Due to the high costs of transportation of commodities, the great distance to markets is, no doubt, one of the factors that reduce the capacity of peasants to compete and progress.4 A classic answer has been to improve the roads and the means of transportation, as highways and trucks are normally decisive to send products to the main markets. In addition to this response, an increase in the scale of production also reduces transportation unit costs, but is not a possibility open to many. Cooperation amongst campesinos is also important to increase the volumes transported and to reduce transport unit costs. The core of the paper concentrates in an additional possibility, one that is potentially very important but not much present in literature. It consists of a change in the nature of the product and, in this way, augments the competitive potential by increasing the value of the product per unit of weight. In this paper we look for the existence of two ways of dealing with the problem: a) Diversifying to products of greater monetary value per unit of weight, and therefore lower transport unit costs, and b) Transforming agricultural products with the possibility that the manufactured result is also of a greater value by unit of weight than the original agricultural input (Krugman 1991, Iguíñiz 1998). This paper, therefore, has the objective of determining the existence or not of a diversifying behaviour used by peasant that is not purely defensive in the sense of increasing market isolation. This behaviour is valuable because, within the geographic and social context, ceteris paribus, it reduces the restriction on freedom that distance to the market can impose.5 We will, then characterize the activity of the peasant as innovative when, in its pattern of cultivation, he introduces an increasing proportion of products of higher unit value in the market. In other words, a greater proportion of these products in the portfolio of the peasants´ production will reduce the proportion of the transport costs in the final value of the product. As soon as this innovation expands the accessible market of the peasant, we can consider that it increases his competitive ability as well as his capabilities as an economic agent. With the present data we cannot conclude that the transformation of agricultural products 4
“Poor transport infrastructure limits market access for many farmers in the developing world” (DFID, 2005: 11) 5 Of course, such increasing capability may not translate into more sales or greater income; intermediaries could frustrate the process and discourage the innovating effort of the peasant. Other competitors in the same market could be relatively more productive.

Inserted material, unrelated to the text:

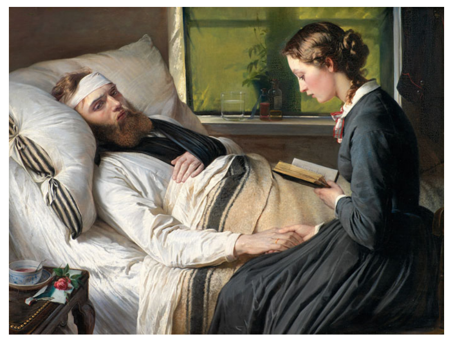
Fig. 2 Elisabeth Jerichau-Baumann, A Wounded Danish Soldier (1865), Statens Museum for Kunst, Denmark

painting similarly manages to gesture to some type of meaning while the posture of the woman depicted discloses little.
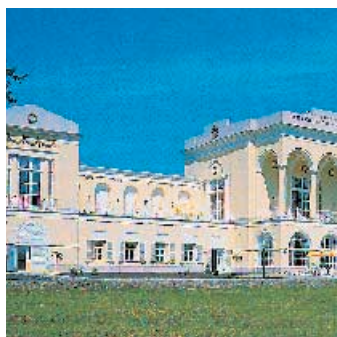
HRANIČNÍ ZÁMEČEK (Border Chateau), Hlohovec First Class

This renovated Chateau hotel is situated in a quiet place in the centre of Velká Bystrice, near Svatý Kopeček (Holy Hill), 5 km from Olomouc. 12 rooms with bath/WC, 2 rooms with shower/WC and 4 rooms with shared private facilities, SAT-TV, radio, minibar. Restaurant, day bar, meeting rooms. Fitness centre (indoor swimming pool in nearby Olomouc). Parking.

results in an elevation of the value of the product by unit of weight. As such we have a partial answer to the one of the questions surrounding the effect of the transformation of agricultural products before their transportation.
II.- Relevance of the search: the economic importance of high/low value chains
Agriculture may be a very important activity to reduce poverty. "Income and crop diversification have been identified as essential strategies for raising income and reducing rural poverty" (Ibrahim, Rahman, Envulus, and Oyewole, (2009:84).6 Diversification can be understood as: “switching from low-value crop production to higher-value crops, livestock, and non-farm activities. Although “low-value crops” are sometimes defined in terms of the value per unit of weight, it is probably more useful to define them as crops that generate high economic returns per unit of labor or land. This definition focuses on diversification as a source of income growth and a potential means for poverty reduction" (Birthal, Joshi and Gulati, 2005: 30) The importance of value per unit of weight is evident once we recognize that “Most farmers are part of low-value market chains”.(Taylor et.al.2008: 43). “In this low-value chain equilibrium there is no incentive for the end buyer to offer higher prices to the processor, or the processor to the farmer.” (Taylor et.al. 2008, 43). Change in the type of products is considered very important although not easy to accomplish: “Broadly speaking, there are two ways in which agricultural markets can be used to help poor households meet the objectives of higher income and greater income stability. First, poor farmers can move from low to high value market chains. Many of the most captivating development success stories in recent years involve small farmers significantly increasing the value of what they produce by moving into new market chains. Second, they can increase their share of benefits in existing chains. These two challenges become one and the same for the world’s many small farmers who are unable to access any markets. 6
“Gallup et al (1997) reported that every 1% increase in per capita agricultural output led to a 1.61% increase in the incomes of the poorest 20% of the population”. (DFID 2005: 5)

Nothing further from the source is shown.